NON È STATA SOLTANTO UNA PASSERELLA PER I NOTABILI, MA LA MANIFESTAZIONE DELL’UNICO GRANDE PARTITO VERAMENTE RADICATO IN TUTTO IL PAESE, CHE HA DECISO DI RENDERE VERAMENTE CONTENDIBILE LA PROPRIA LEADERSHIP
Secondo editoriale telegrafico per la Nwsl n. 218, 7 ottobre 2012 – In argomento v. anche il primo editoriale telegrafico: Un grande Bersani (e il suo neo)
Matteo Renzi aveva due motivi per non partecipare all’Assemblea nazionale, sabato all’Ergife. Uno formale: lui avrebbe potuto partecipare soltanto come osservatore, senza diritto di voto. Uno sostanziale: queste assise di partito sono sovente soltanto una passerella per i notabili e un luogo di ritrovo di quell'”apparato” che il sindaco di Firenze notoriamente non ama. Ma sabato all’Ergife non c’era solo questo: c’erano 615 rappresentanti veri dell’unico grande partito vero di cui oggi il nostro Paese disponga. Un partito impegnato a trovare – e, mi sembra, questa volta lo ha trovato – il giusto equilibrio tra la democrazia “interna”, quella delle centinaia di migliaia di iscritti, e la democrazia “esterna”, quella dei milioni di elettori. Certo, Renzi predilige il rapporto diretto con questi ultimi, gli elettori; ma sa pure che, se il 25 novembre prossimo i suoi molti supporters potranno esprimere il loro voto per lui, questo avverrà perché c’è un grande partito incarnato da iscritti, militanti e dirigenti, che sabato ha scelto di rendere contendibile la propria leadership dando vita a elezioni “primarie” davvero aperte.
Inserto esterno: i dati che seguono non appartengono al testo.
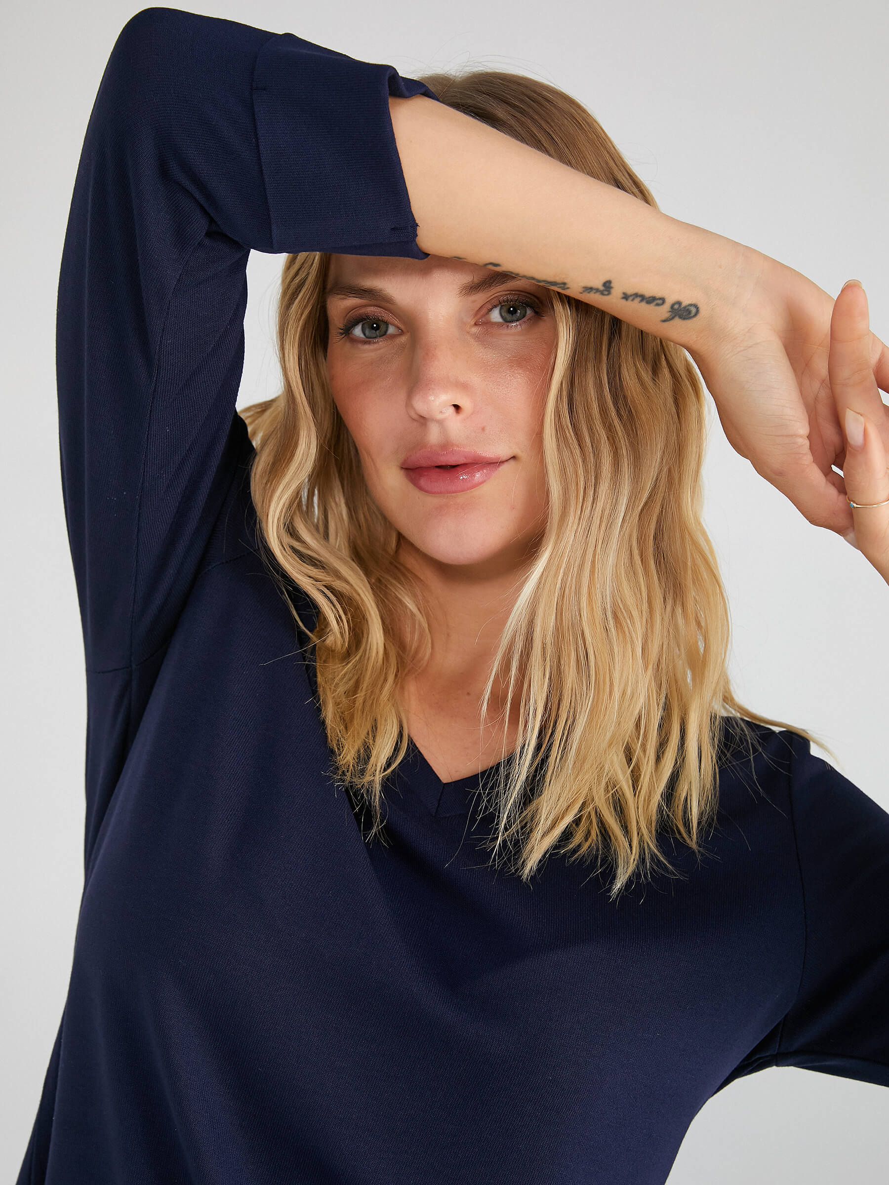 Ürün Kodu : B0001873 Ürün Adı : V Yaka Truvakar Kol T-Shirt 00018 Üretim Yeri : Türkiye %65 Polyester %30 Viskon %5 Elastan Manken Beden : 38 /XS Bel : 63 cm Boy : 1.77 cm Göğüs : 85 cm Basen : 95 cm Kol Boyu : 56 cm

Questo è il motivo per cui Matteo non perde occasione per ripetere che, anche se perderà, il Pd resterà il suo partito; ed è sincero nel dirlo. Questo, però, è anche il motivo per cui avrebbe fatto meglio, sabato, a venire all’Ergife, anche soltanto nella veste, che per ora gli è data, di osservatore.